One Response to South Africa, China collaborate on nuclear energy development


    The Kenyan Government is pressing forward with a stubborn hope of harnessing nuclear energy to meet its energy deficit of 3,000 megawatts to complement the current production of 1,100 megawatts.

    The nuclear energy incentive will cost Ksh 80 billion (U$ 1 billion), says David Maina, the director of the Institute of Nuclear Science and Technology (INST), University of Nairobi .

    If Kenya will afford to start the construction of nuclear power plant by 2010, it will be second to South Africa which has a fully operational nuclear plant. Nigeria and Egypt are too nursing the dream of joining the league of countries that are peaceful users of nuclear technology.

    A senior government engineer, Rolex Kirui, says that they have so far identified the sites for the plant: Kenyan coast and Western Kenya, bordering Lake Victoria . Thus an environmental study is going to start once the Radiation Protection Board and the National Environment Management Authority will approve.

    The International Atomic Agency (IAEA) Director General Dr.

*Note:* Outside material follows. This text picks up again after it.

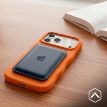 A Ref. 99053 é uma capa do tipo "oficial" com estrutura completa de 4 lados, projetada para um ajuste muito justo e uma sensação premium ao toque. Combina uma armação de silicone rígido / TPU rígido (mais firme que um silicone macio) com uma parte traseira rígida de metacrilato, oferecendo proteção sólida sem perder a estética. Seu design inclui um anel magnético integrado para carregamento e acessórios MagSafe.
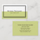 Modern styling highlights this custom business card design in two-tone colour block. Colours include lime green and white with contrasting black text and a double line frame surrounding your text. This versatile design is a wonderful choice for many professions. Personalise the text template on both sides of this card with your details.

Mohammed El Baradei said that for Kenya to realize its industrialization vision, faster, there is need to add nuclear energy in its current energy mix – when he met with President Mwai Kibaki this year.

    Kenya is ranked 22nd in Africa in electricity generation. According to a survey by the Institute of Developmental Studies (IDS), University of Nairobi , by June 2001, Kenya had 537,079 electricity consumers consisting of 465,365 KPLC consumers and 71,718 Rural Electrification Fund consumers.

    This means that about 10 percent of the population has taken up supply of electricity and an estimated 15 per cent access electricity. Yes, the survey projects that Kenyan energy demand will keep on rising at 6.4 per cent per annum. This position must be overcome for heavy and ambitious industrial take off.

    But other experts in the field of nuclear science are calling Kenyan government to reexamine its position. Albeit Baradei his promise that IAEA will provide experts and personnel to train Kenyans on harnessing nuclear energy.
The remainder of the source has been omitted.